We want excellence. We want people to be performing at their very best. But how do we get them there?
There is a hard wiring way to hold employees accountable. That usually involves performance plans, annual reviews, and other mechanisms that seldom align themselves toward attaining real results. Most people tie a negative connotation/emotion to performance plans and thus accountability because of the way they are used as crowbars for forcing people to do what is expected.
That doesn’t mean there shouldn’t be accountability. But there’s a soft wiring way to to do that. What is soft wiring for excellence? It’s about inspiring people to perform better today than yesterday, and better tomorrow than today. Aristotle stated: “We are what we repeatedly do. Excellence, then, is not an act, but a habit.”
Modeling excellence, sharing stories of success, walking in the shoes of your employees, teaching and recognizing performance are all great ways to help people achieve excellence through soft wiring. But you also need some way to identify whether you’re doing better today than yesterday.
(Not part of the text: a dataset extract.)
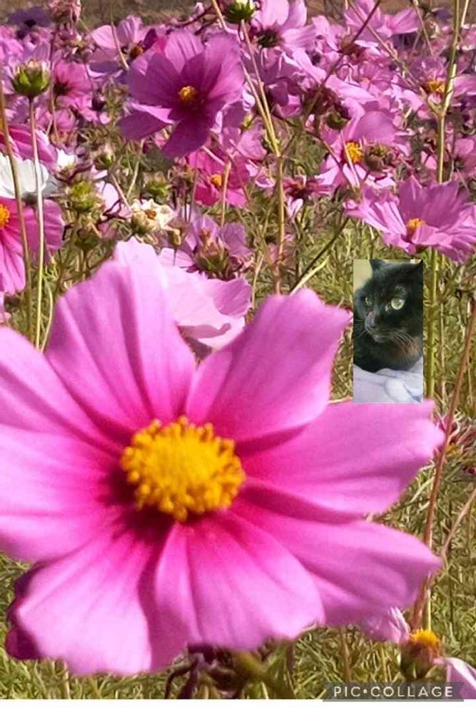 ダイズくんとコスモスのコラボ🌸🐈⬛

And you need some baseline to determine what you’re going to do today so that you’re better tomorrow than you are right now.
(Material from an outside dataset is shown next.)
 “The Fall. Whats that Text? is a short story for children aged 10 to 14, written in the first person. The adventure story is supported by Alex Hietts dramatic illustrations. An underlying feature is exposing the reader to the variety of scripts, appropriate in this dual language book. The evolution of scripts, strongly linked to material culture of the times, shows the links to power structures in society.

The best approach is for employees and individual teams throughout the organization to identify simple measures quantitatively and/or qualitatively that they can use to improve performance each and every day. What gets measured gets improved. There are often lots of measures in place in the organization, but few of those measurements are in the hands of the front line in such a way that they can create any tangible consequence toward improvement. Ideal is to have teams through their own efforts to identify those things they can do to improve. Those goals should be inclusive of important/non urgent actions they will take, not just a focus on matters that are urgent. Let them row, let them figure out the best way to row, and let them see the results of that rowing through their own measures.
Every day you must soft wire for accountability. It will create results. It will lead to excellence.